» EXERCISE REQUIREMENTS: Repeat only the lines below that run from the line with "This watercolor painting" to the line with "- 電源オフの状態からすぐに", ends included; skip every picture.

» LISTED ENTRIES:

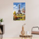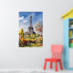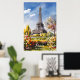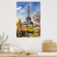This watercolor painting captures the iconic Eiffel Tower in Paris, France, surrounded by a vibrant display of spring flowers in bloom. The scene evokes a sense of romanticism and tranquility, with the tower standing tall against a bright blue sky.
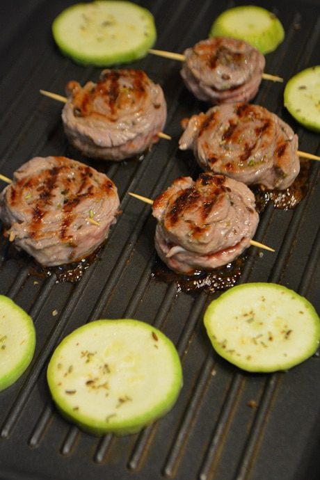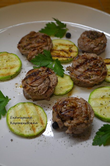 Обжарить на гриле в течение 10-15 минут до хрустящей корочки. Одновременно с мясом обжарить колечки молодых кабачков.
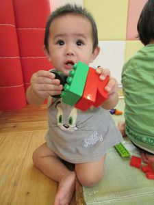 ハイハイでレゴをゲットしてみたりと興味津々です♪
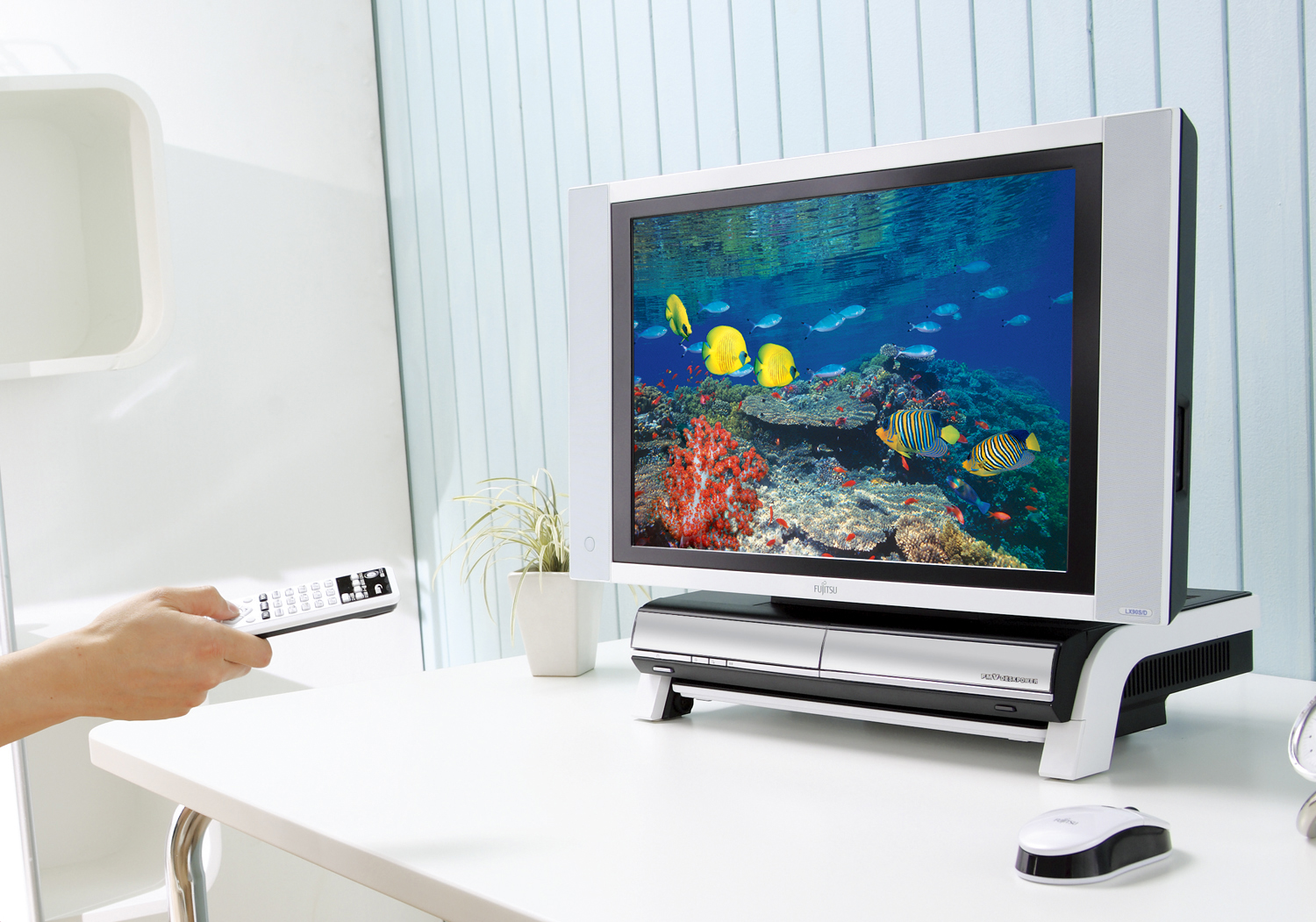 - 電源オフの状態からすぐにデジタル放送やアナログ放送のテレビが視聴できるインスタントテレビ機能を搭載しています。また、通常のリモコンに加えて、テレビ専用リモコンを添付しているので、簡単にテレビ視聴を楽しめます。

--

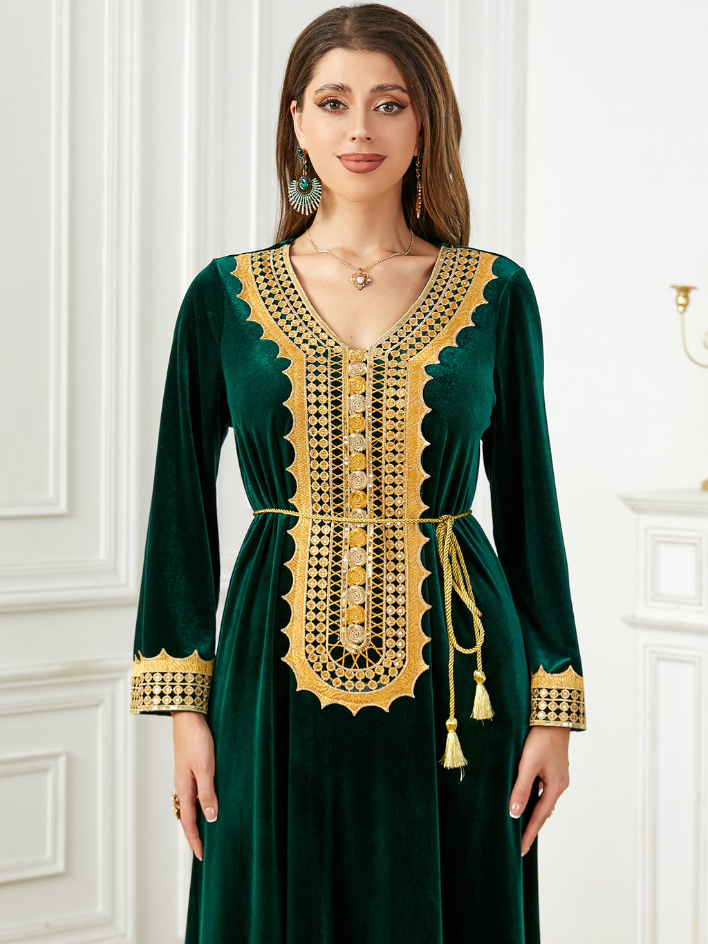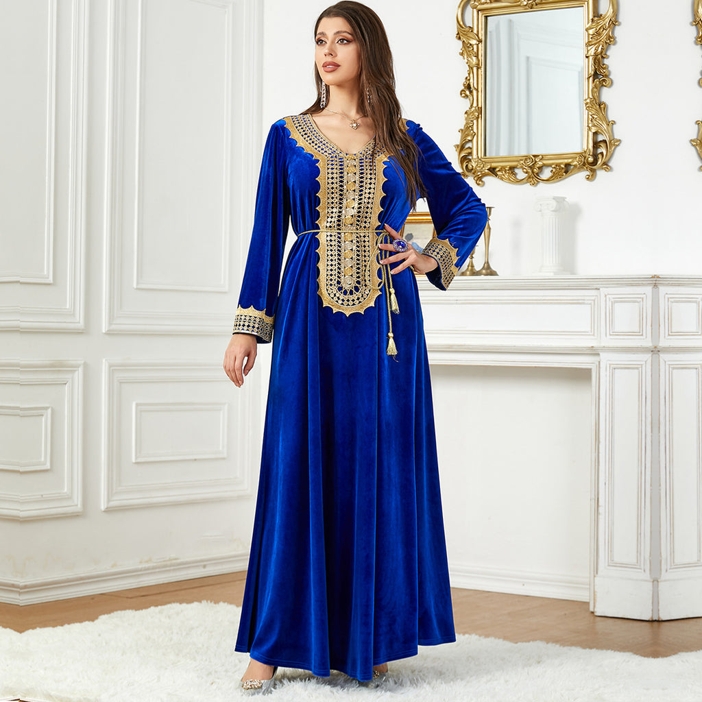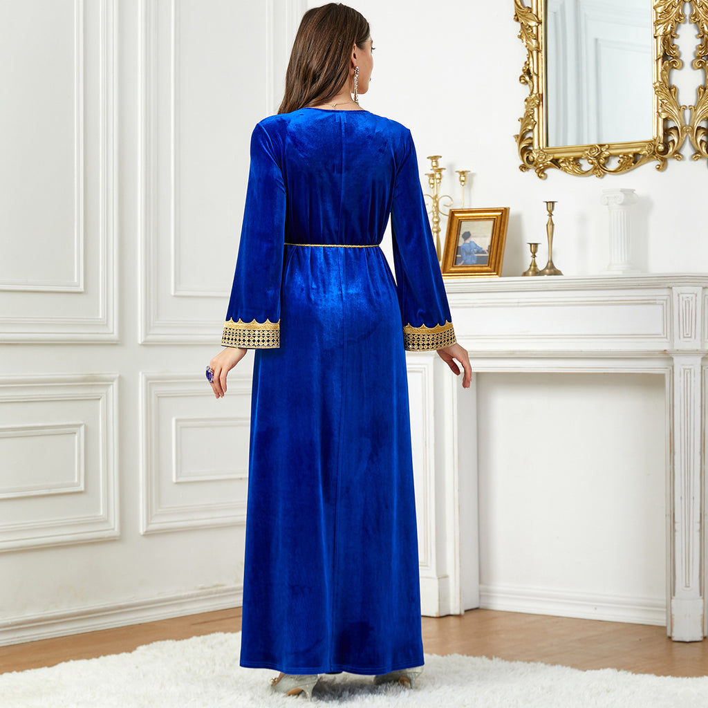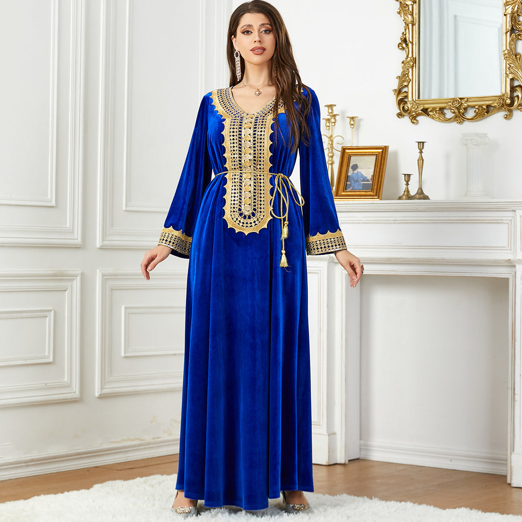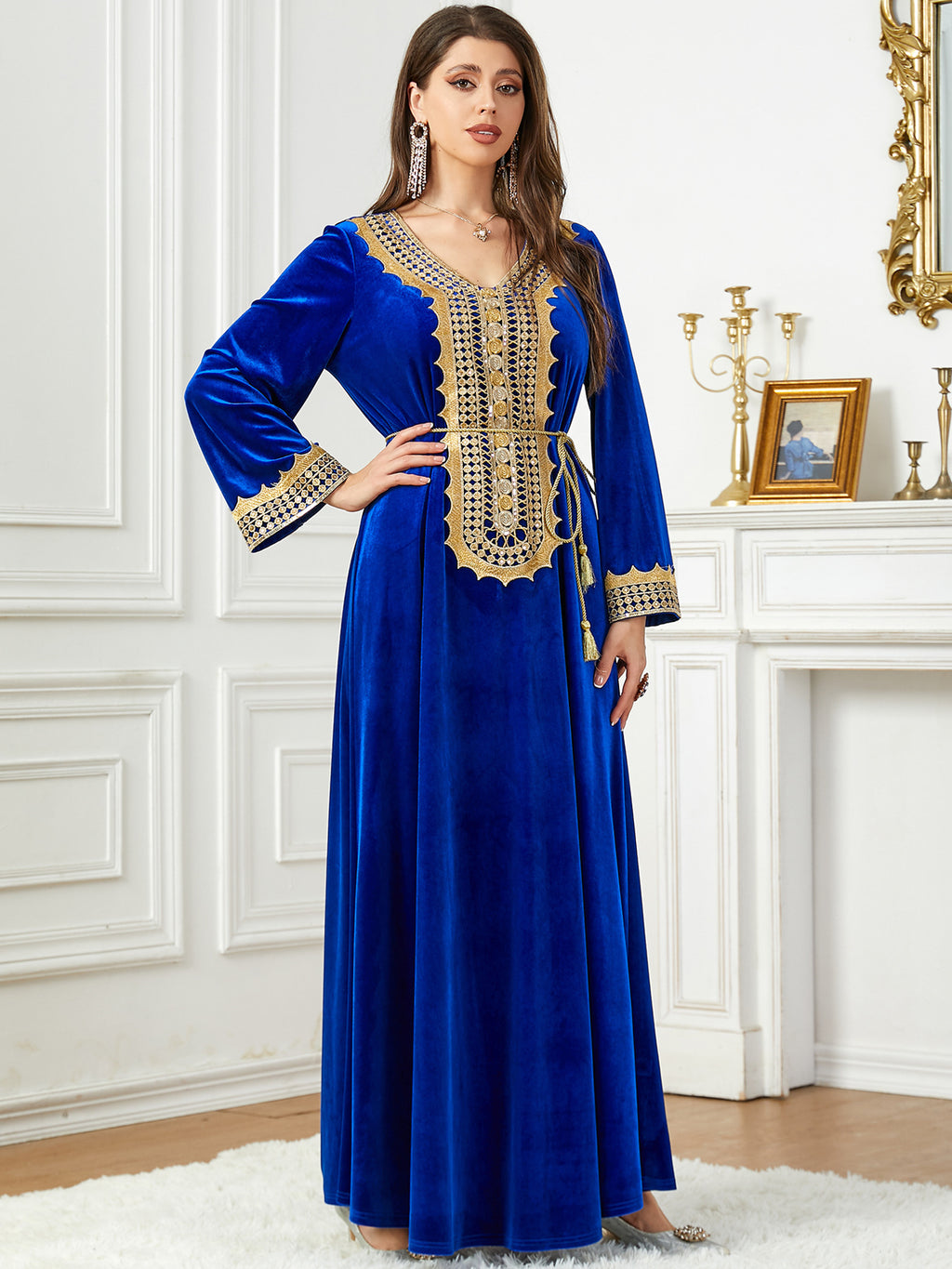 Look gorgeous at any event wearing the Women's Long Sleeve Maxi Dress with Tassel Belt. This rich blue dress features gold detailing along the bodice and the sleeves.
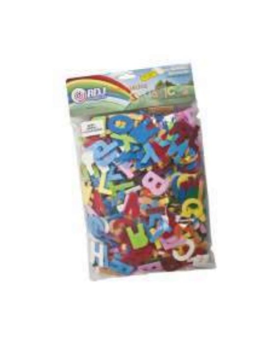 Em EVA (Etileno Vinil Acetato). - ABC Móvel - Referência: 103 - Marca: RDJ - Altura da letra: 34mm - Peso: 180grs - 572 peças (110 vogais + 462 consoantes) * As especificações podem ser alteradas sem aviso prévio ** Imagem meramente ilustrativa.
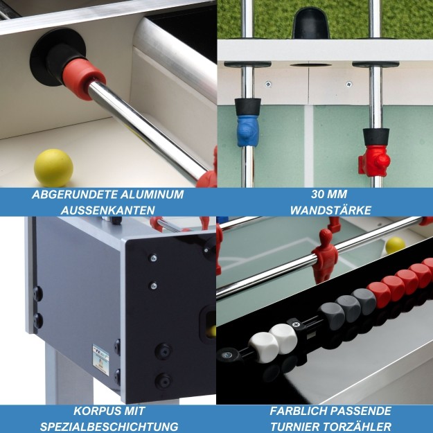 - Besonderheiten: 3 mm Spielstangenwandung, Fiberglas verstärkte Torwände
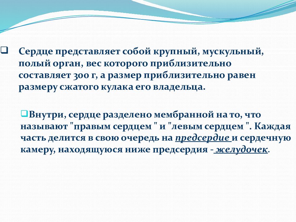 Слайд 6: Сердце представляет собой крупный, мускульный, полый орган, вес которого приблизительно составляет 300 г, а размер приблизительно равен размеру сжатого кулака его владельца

» SOLUTION:
This watercolor painting captures the iconic Eiffel Tower in Paris, France, surrounded by a vibrant display of spring flowers in bloom. The scene evokes a sense of romanticism and tranquility, with the tower standing tall against a bright blue sky.
 Обжарить на гриле в течение 10-15 минут до хрустящей корочки. Одновременно с мясом обжарить колечки молодых кабачков.
 ハイハイでレゴをゲットしてみたりと興味津々です♪
 - 電源オフの状態からすぐにデジタル放送やアナログ放送のテレビが視聴できるインスタントテレビ機能を搭載しています。また、通常のリモコンに加えて、テレビ専用リモコンを添付しているので、簡単にテレビ視聴を楽しめます。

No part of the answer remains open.